:: Provided data
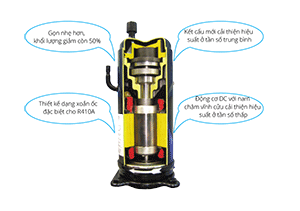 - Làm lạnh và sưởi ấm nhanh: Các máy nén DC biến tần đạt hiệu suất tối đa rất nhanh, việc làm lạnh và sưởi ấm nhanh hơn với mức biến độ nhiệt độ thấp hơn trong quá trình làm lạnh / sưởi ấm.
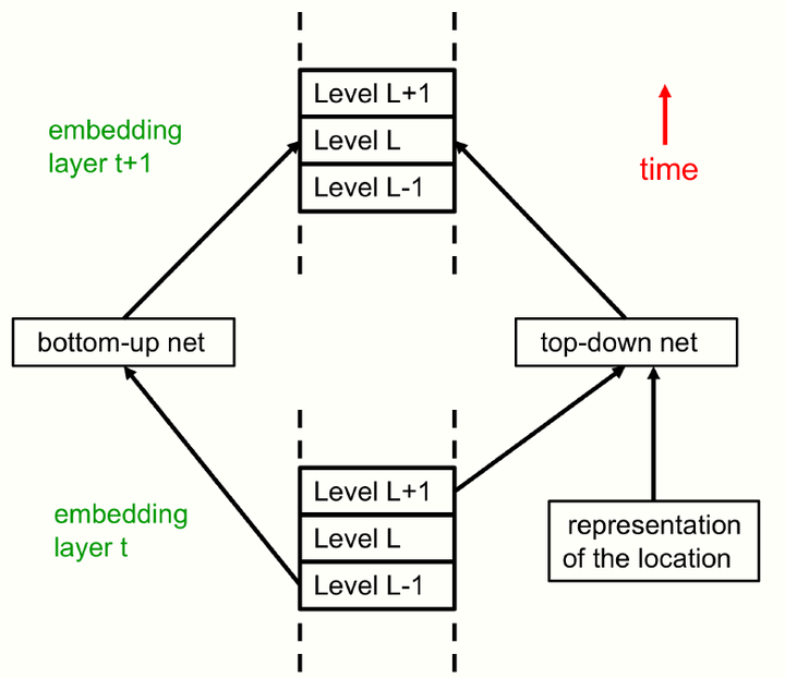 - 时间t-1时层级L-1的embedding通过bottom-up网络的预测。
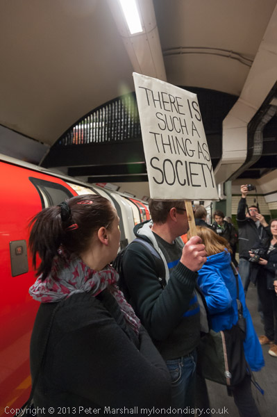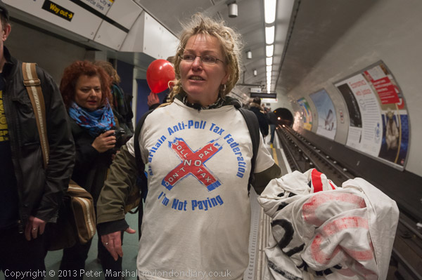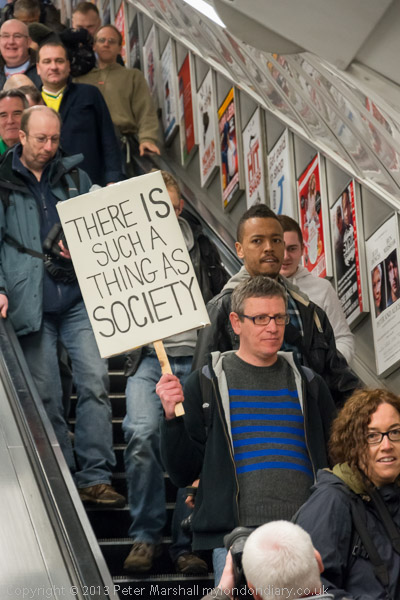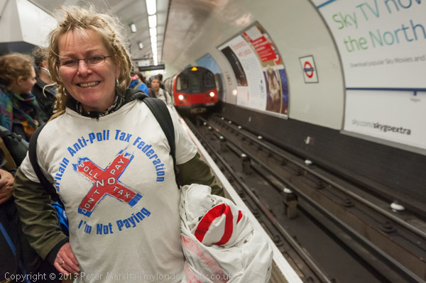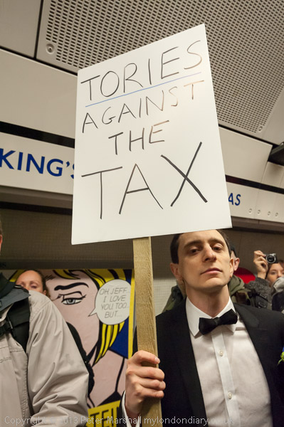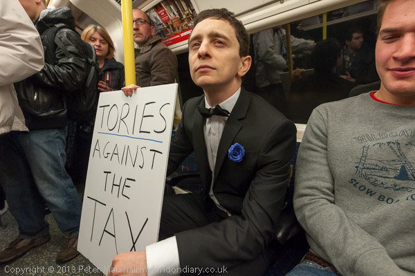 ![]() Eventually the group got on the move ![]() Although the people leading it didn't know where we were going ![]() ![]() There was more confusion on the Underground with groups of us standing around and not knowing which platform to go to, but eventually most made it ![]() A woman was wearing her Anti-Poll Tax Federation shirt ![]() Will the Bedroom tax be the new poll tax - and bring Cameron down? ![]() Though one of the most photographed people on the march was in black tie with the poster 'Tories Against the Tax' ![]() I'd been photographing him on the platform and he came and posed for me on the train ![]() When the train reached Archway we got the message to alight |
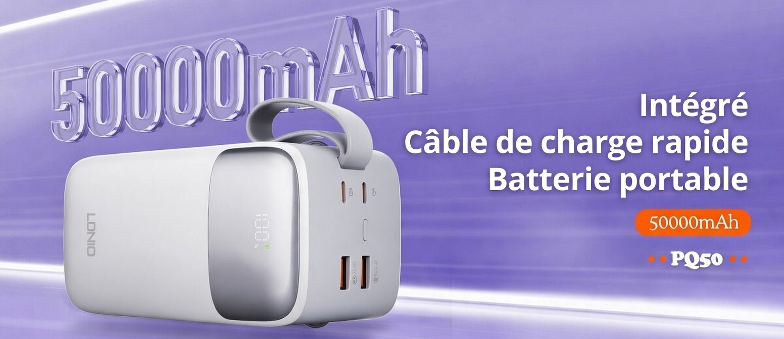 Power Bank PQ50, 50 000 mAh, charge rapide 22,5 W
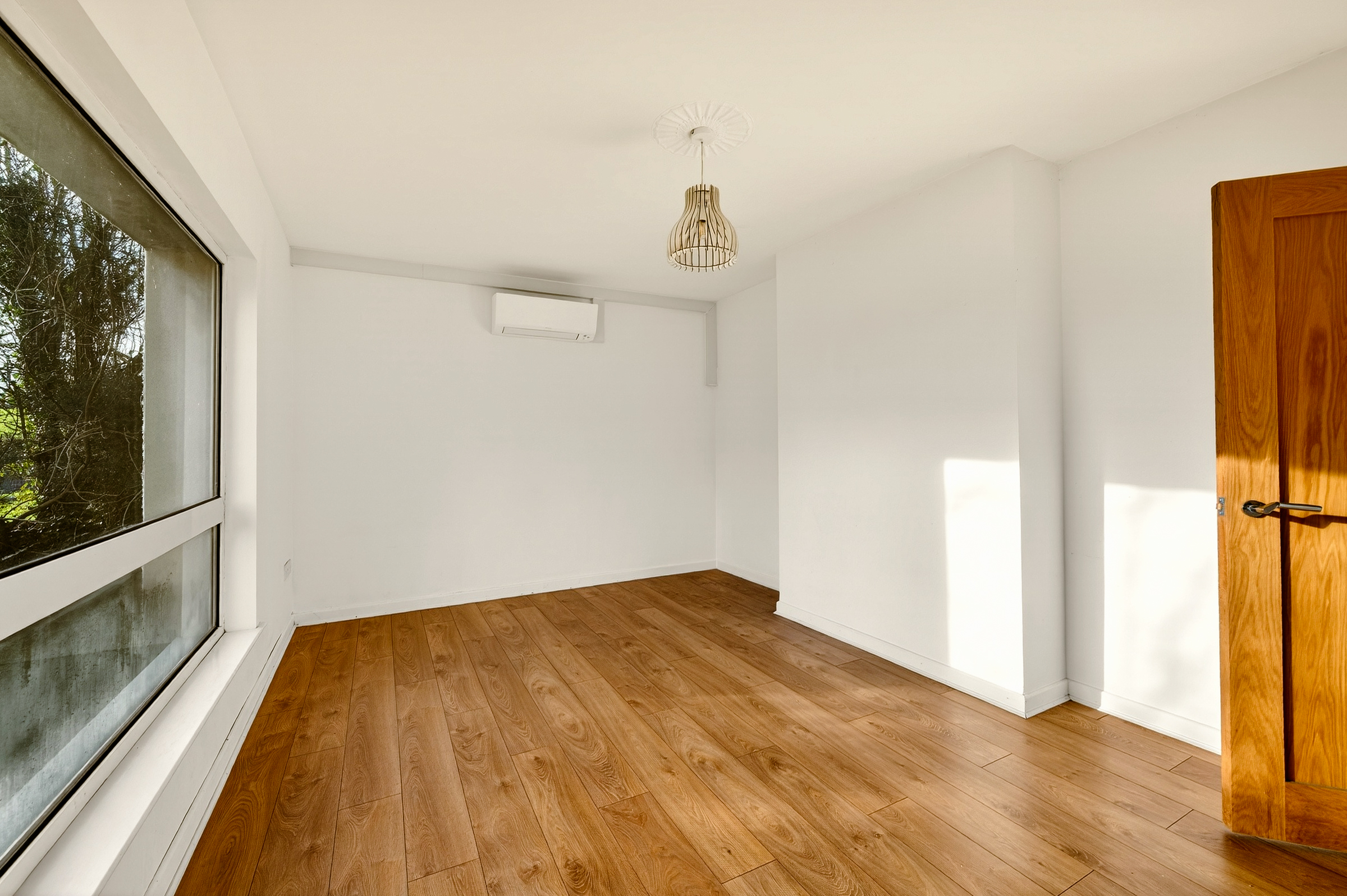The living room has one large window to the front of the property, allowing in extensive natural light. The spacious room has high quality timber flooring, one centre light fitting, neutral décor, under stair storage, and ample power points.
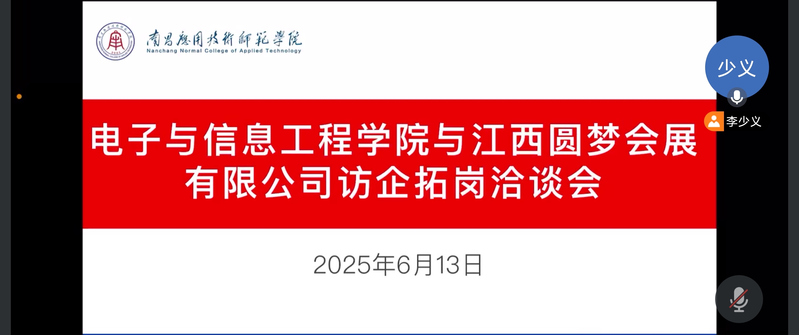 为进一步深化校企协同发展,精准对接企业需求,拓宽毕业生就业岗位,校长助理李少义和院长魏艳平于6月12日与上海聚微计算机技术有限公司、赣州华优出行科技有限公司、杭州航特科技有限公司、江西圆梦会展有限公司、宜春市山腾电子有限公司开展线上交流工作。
::::
:: Provided data
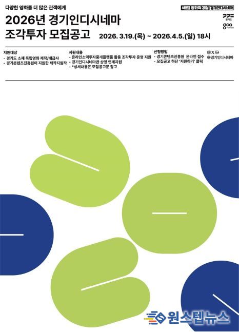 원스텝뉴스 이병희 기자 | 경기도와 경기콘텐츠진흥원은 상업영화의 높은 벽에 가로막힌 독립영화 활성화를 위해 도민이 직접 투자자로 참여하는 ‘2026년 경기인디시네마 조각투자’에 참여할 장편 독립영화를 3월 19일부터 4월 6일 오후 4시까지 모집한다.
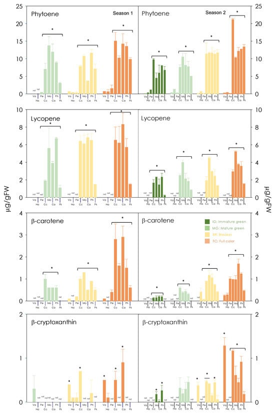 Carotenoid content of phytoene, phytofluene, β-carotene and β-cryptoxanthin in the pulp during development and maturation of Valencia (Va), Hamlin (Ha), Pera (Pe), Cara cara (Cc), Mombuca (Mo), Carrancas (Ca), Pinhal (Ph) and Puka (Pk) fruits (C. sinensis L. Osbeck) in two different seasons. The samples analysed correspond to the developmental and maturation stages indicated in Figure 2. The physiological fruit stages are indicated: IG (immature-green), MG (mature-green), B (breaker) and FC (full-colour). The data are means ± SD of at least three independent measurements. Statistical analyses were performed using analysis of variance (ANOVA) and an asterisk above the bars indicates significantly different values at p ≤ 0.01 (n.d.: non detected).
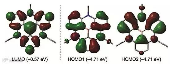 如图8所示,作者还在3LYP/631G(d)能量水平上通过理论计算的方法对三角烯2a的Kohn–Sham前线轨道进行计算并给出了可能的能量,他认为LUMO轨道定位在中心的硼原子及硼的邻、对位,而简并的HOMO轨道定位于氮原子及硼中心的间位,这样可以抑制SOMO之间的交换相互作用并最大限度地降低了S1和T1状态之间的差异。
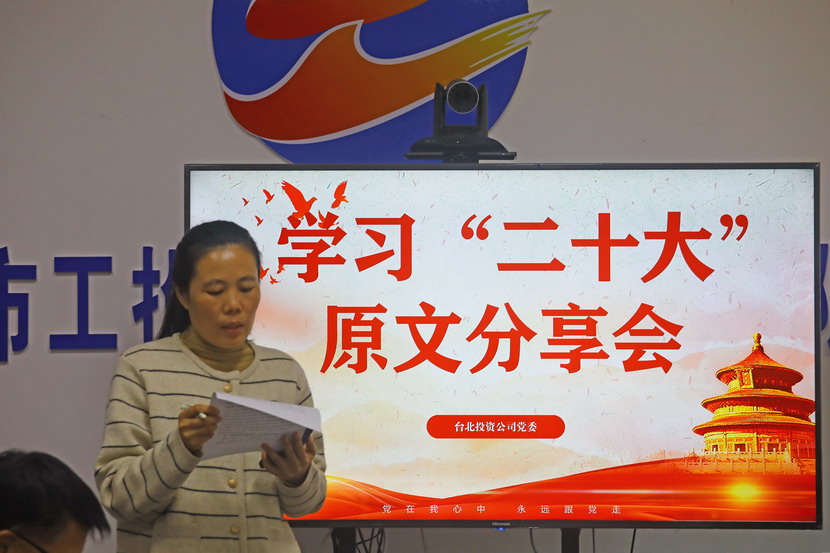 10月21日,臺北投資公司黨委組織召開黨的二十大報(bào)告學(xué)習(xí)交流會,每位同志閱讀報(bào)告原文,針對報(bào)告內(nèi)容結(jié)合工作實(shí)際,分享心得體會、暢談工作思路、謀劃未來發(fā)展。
::::
What to produce:
Using the entries above, repeat exactly the lines from the one with "- Làm lạnh và" to the one with "- 时间t-1时层级L-1的", both included, and leave the pictures behind.

Solution to this task:
 - Làm lạnh và sưởi ấm nhanh: Các máy nén DC biến tần đạt hiệu suất tối đa rất nhanh, việc làm lạnh và sưởi ấm nhanh hơn với mức biến độ nhiệt độ thấp hơn trong quá trình làm lạnh / sưởi ấm.
 - 时间t-1时层级L-1的embedding通过bottom-up网络的预测。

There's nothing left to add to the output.